Remember me to Herald Square

Our Whole Foods has a sign in front of each register that says “we card anyone who looks under 40.” I understand the spirit of this policy. People in Wisconsin are concerned about the state’s perpetually lofty numbers of binge drinkers and drunk drivers. I can also see how a young grocery cashier might not be able to distinguish adequately between a thirty-one year old lifeguard in flip flops, and an underage college junior on route to a Coldplay concert. I myself did, on one occasion in high school, dress up in my friend’s mother’s clothes and attempt to buy beer in a liquor store. When I got carded the other day, however, I had to question if they’re going too far. If I’d been trying to buy alcohol illegally, would I walk into a grocery store with two kids and dark circles under my eyes, load up the cart with organic sour cream and fruit bunnies, and use a credit card in my own name? C’mon -- one bottle of wine isn’t enough for one mother to get over a grocery store trip with both her kids, anyway. Standing there with my ID out, I couldn’t resist paraphrasing – quietly, of course, and under my breath -- Craig Robinson’s character from Knocked Up. “You carding old pregnant bitches in here now?”

In your thirties, getting carded can be flattering. But when you’re old as f---, it’s just a nuisance. I’m also starting to feel a little awkward – not to mention unlawful -- about the fact that I haven’t given up my New York state drivers’ license. Before we moved here, Mike had never thought of Wisconsin as a place people move to. If anyone should be clinging to the trappings of our former life, it should be him. He only got a Wisconsin license because his old one expired, it’s true. But it’s still somewhat odd that he’s walking around town with an ID ornamented with a small red barn, while I’m still impersonating an out of towner. Adding insult to injury, I haven’t given up my New York city cell number either, while his blackberry is now a local call.

If I told a New Yorker I was avoiding a trip to the DMV, they’d get right behind my fraudulent choice. Going to the DMV in the city is like going to a third world nation run by a fascist military junta that has kicked both human rights watch, and all of its building mechanics, out of the country. If you can manage to follow the obscure signs through the filthy Herald square building to the section cordoned off for the DMV, you’re rewarded by being packed like sweaty pickles into a single elevator, riding slowing down into the bowels of the building, and getting dumped out right onto a long line of people queued up into the hallway, waiting to be told where to go and wait even longer. Once you’re assigned a number, you go and sit down in a huge cavernous room that feels a bit like a train depot to nowhere, with all the seats facing the same way. All you have to stare at, besides the flashing numbers above the windows, are the angry faces of the DMV people, who only look increasingly enraged with the approach of each new customer.

I had to visit this midtown panopticon once when I was eight months pregnant.
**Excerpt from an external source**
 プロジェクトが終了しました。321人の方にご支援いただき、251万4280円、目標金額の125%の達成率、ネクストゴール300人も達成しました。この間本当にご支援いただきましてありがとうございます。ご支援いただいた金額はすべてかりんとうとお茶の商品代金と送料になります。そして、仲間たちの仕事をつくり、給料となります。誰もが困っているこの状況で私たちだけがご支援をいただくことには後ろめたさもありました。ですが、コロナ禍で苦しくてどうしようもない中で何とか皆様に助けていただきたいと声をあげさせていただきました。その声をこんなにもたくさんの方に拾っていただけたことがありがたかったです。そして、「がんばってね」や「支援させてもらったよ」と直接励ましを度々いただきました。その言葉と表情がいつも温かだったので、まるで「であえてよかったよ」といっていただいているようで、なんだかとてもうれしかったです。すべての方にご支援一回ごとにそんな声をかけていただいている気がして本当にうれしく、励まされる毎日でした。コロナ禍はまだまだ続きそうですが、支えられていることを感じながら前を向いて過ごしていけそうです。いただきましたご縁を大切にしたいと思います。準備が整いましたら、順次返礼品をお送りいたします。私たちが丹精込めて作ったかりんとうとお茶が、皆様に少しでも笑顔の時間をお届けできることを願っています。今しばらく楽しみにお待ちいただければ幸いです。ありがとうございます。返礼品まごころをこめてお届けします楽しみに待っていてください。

I went to register our car, but hadn’t realized that we owed hundreds of dollars in sales tax for buying the car in a neighboring state. I’ll never forget the look on the agent’s face when I finally got to the window, after almost two hours on hot summer’s day. The perceptible glimmer in her eye was one of exhilaration, when she informed me that I didn’t have the correct documentation, and would have to return the next day to endure another round.

The DMV near to our house here is another world altogether. It’s calm, relatively uncrowded, and operated by people who seem to be on the right side of humanity’s survival. I’m not avoiding going there now because I’m lazy, or logistically challenged. A recent New York Times article revealed that some people buy iphones to help organize their lives. But I don’t get behind in my email, overlook appointments, forget my mom’s birthday, or neglect to pick up milk on the way home. For one thing, I don’t have a demanding work life. I’m also too obsessive compulsive to get too caught up in something enjoyable.

I’m just having trouble parting with these last few, remaining markers of my life in Manhattan. I’ve been carrying this ID and phone number with me every day for so many years that they almost feel like part of me. When I look at my pink license with New York State in big aqua letters, and the eight-year old picture of me taken in that Herald Square Hades, I feel nostalgic for a time when I was younger, when I didn’t yet have children, and when I got carded for reasons that make actual sense. When I think of my phone number, I can recall how long it took me – and everyone else -- to get used to the 646 area code, after the phone company ran out of available numbers for 212 and 917. I’ve practically had the same number since I got my first cell phone. There’s even a Seinfeld episode about my area code, which means, I think, that’s it’s now sort of a valuable cultural artifact.

Mike once told me that he held on to his California license for years after he moved to New York. He didn’t drive then, and he didn’t own a car, so it didn’t really matter whether he identified with New York officially or not. But I think a New York license also didn’t fit with his vision of himself at that time. Giving up my pink license for one with a little red barn on it doesn’t really fit with my vision of myself either. But then again – and to paraphrase another scene from Knocked Up -- life doesn’t really care much about your vision. I drive a Subaru now, and buy wine at Whole Foods. I’ll be forty next month, and officially old as f----. How much worse could the red barn really be?

Tuesday, June 9, 2009

Going Native

Mike told me at dinner Sunday that he had developed a new appreciation for cole slaw since moving to Wisconsin. As he said this, he took a big swig of his micro brew.   What about beer? I asked.   Oh yeah, beer too.   I thought this was all good news.  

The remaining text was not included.